Yesterday, the European parliament approved a highly controversial international agreement allowing the transfer of personal data between the European Union and the United States. Anyone flying from an EU country to the United States should now be aware that his or her personal data will touch down in America before the plane even arrives: Name, address, credit card number, email address, number of bags, seat number, special meal requests and on and on. The data will remain stored in U.S. Homeland Security Agency computers for 15 years. What the data will be used for isn’t known. The German government offered no objection, because, well, that’s the way the U.S. wants it. So what? Is that any reason for the rabbit to stare transfixed at the rattlesnake and wait for the EU to possibly start its own snooping policy here as well?
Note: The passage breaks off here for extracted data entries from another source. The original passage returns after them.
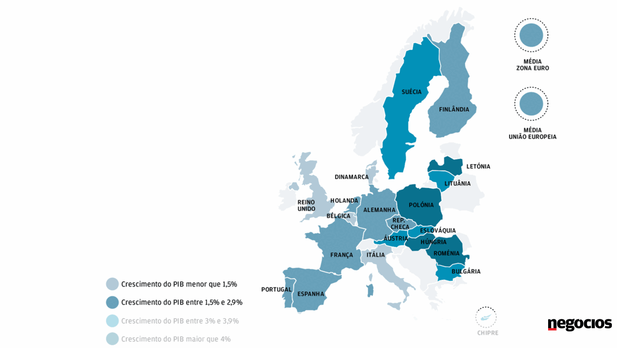 Nos restantes Estados-membros a economia cresceu de forma semelhante - no caso da Suécia e da Polónia - ou cresceu menos. As principais quedas foram as da República Checa de 4,2% para 2,3%, de França de 2,2% para 1,7% e da Holanda de 3% para 2,7%. Em termos agregados, aconteceu o mesmo: o PIB da Zona Euro desacelerou de 2,5% para 2,2% e o da União Europeia de 2,4% para 2,2%.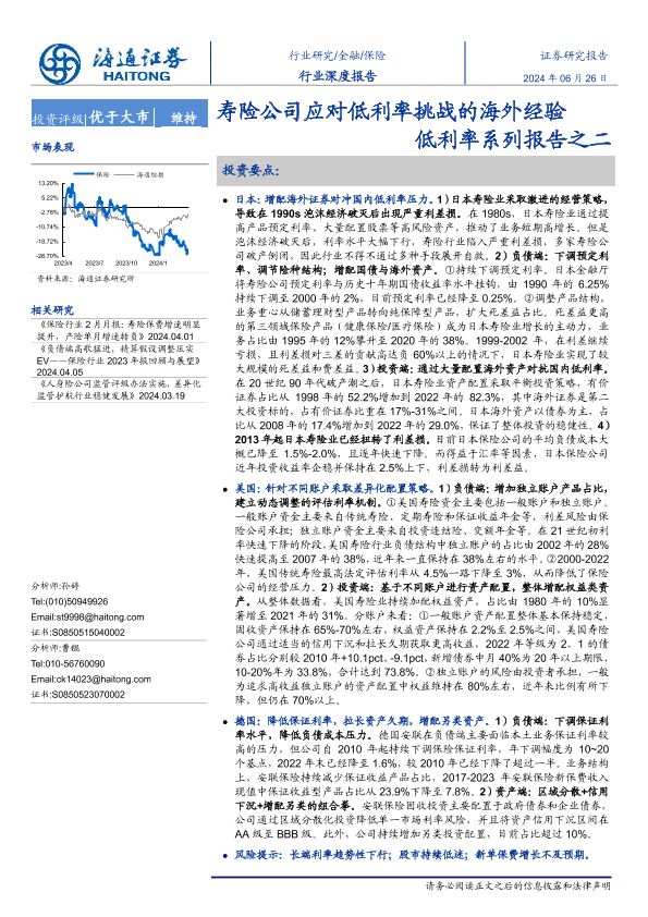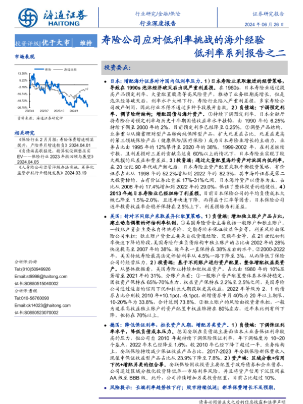 【海通证券】【20240626】2024年11月10日更新-保险行业低利率系列报告之二:寿险公司应对低利率挑战的海外经验-20页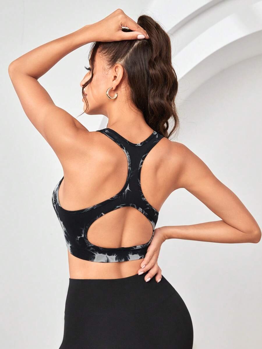 Tie Dye Zip Up Sports Bra black crop top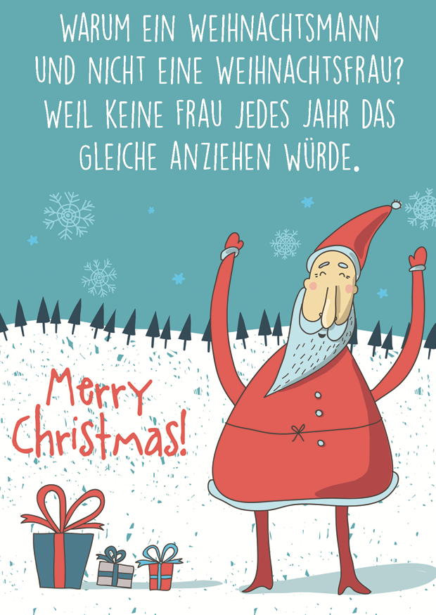 In einer verschneiten Winterlandschaft steht ein fröhlicher Weihnachtsmann, der Geschenke bei sich hat und einen humorvollen Spruch über die Kleidung von Frauen an Weihnachten äußert.

It’s much the same with Germany’s data retention policy. The liberal minister of justice is still opposed to it, but her fanatical opponents, who support Federal Interior Minister Hans-Peter Friedrich, say she doesn’t stand a chance, because that’s the way the EU wants it. They point threateningly to possible penalties the EU could impose on a recalcitrant Germany. Again, so what? There are currently more than 80 European Union charges of German non-compliance pending. A quarter of them have been filed with the European Court of Human Rights, and to date not a single euro in fines has been levied.

No, neither the United States nor the European Union is out to destroy our civil rights, but they’re being used as cover by those who, afflicted by a blind data insanity, took such anti-data protection demands to Brussels in the first place.